Overall, it found there wasn’t a lot to separate them:

The Conscientiousness mark shows a person’s tendency to act in an organised or thoughtful way. In this case, Turnbull’s supporters show signs of being more organised and structured, being more driven, dutiful and persistent than Shorten’s followers:

The strength of the “openness” figure (87.6%-89.1%) amongst both sets of supporters is notable, especially with polls putting the two in a virtual dead heat right now. That could mean there’s still a lot of swinging votes out there – at least in the wings of social media users – waiting for the right call to arms.

But the drilldowns into categories such as Needs and Affinities revealed some interesting traits.


And when it comes to needs – or what followers look for in a party or party leader – Shorten’s followers are attracted to structure, challenge and stability:

They also crave a bit more excitement, whilst Turnbull followers seem a bit more rounded.

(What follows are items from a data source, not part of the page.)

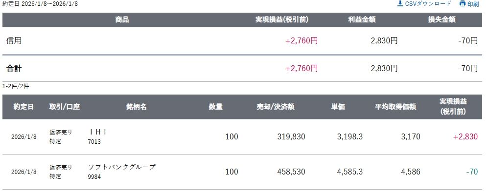 2026/1/8 デイトレード結果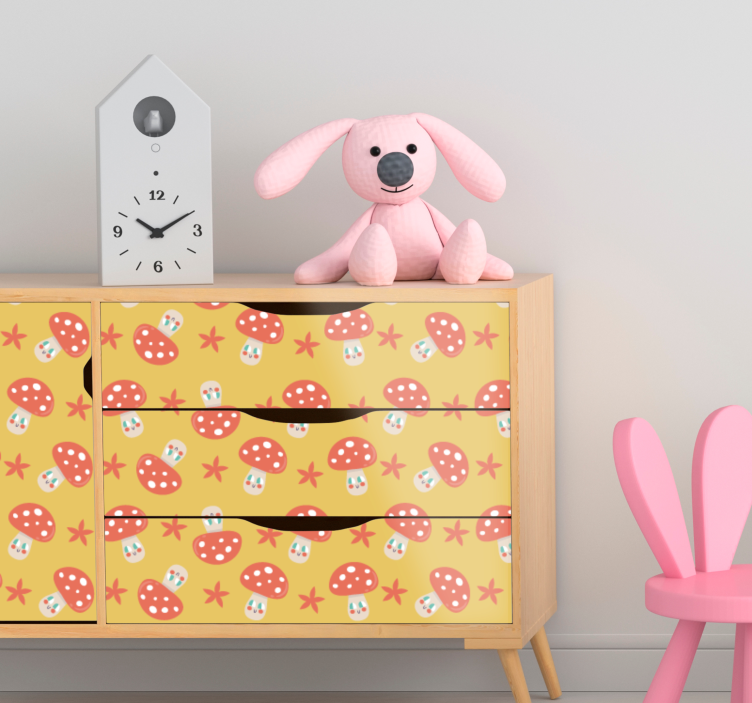O Autocolante para móveis com design de padrão de cogumelos é uma verdadeira obra de arte gráfica! Com elementos como mosca agárica e estrelas, este autocolante traz um toque caprichoso e brincalhão à decoração infantil. O fundo amarelo vibrante destaca os adoráveis cogumelos, tornando qualquer espaço mais alegre e divertido!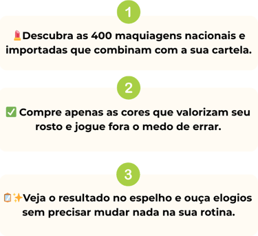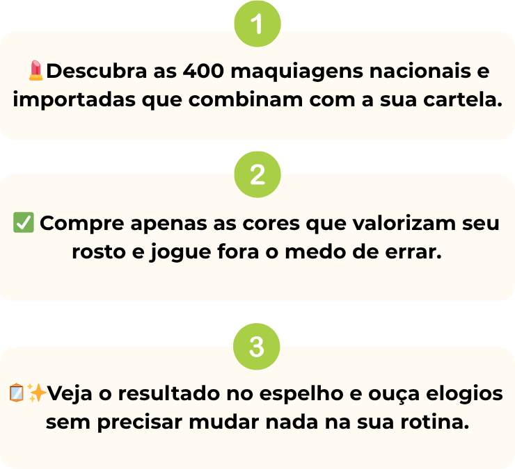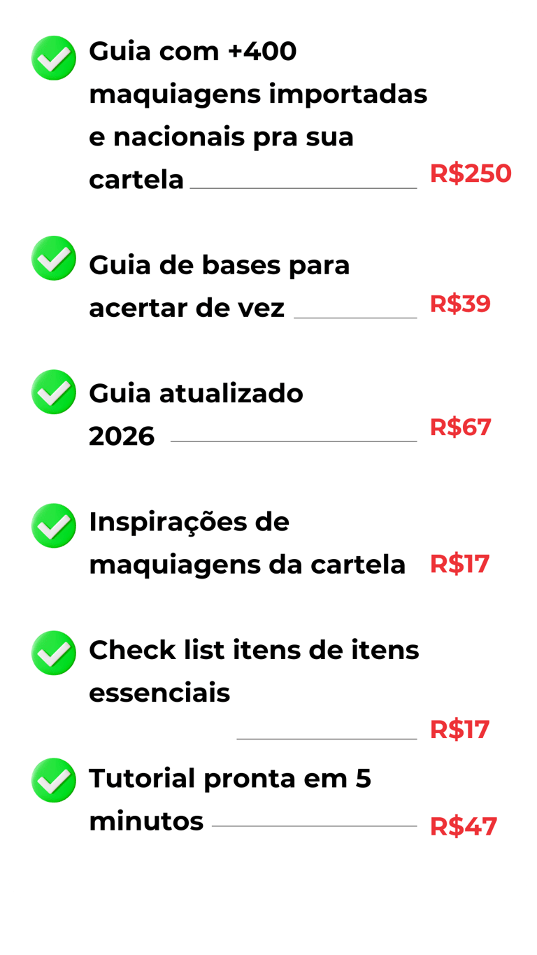 ✨ É simples, rápido e direto: você recebe o guia, segue a lista e acerta todas as suas maquiagens a partir de hoje.

This is where it gets interesting.

Watson found that Shorten’s followers are die-hard Labor supporters and genuinely interested in the party.

Those that actively talk about Shorten also count Julia Gillard, Penny Wong, Anthony Albanese and Tanya Plibersek as their next most followed.

Those that actively talk about Turnbull veer off the rest of the party and prefer to listen to ABC journalists and former Labor PMs Kevin Rudd and Julia Gillard.

This is shown again in the breakdown of how interested each leaders’ followers are in their respective parties, where Shorten followers were almost three times more likely to keep up to date with their preferred party.

Of Turnbull’s supportive tweeters, 17.64% (1,665) follow the Liberal Party. Of Shorten’s supportive tweeters 47.3% (1,484) follow the Labor Party.

So if it were a Twitter election it would be between Turnbull’s personality and Shorten’s party.

The big question – is it representative of the nation? For the answer to that, you might note all follow @annabelcrabb with equal enthusiasm.

Not that there’s anything wrong with that.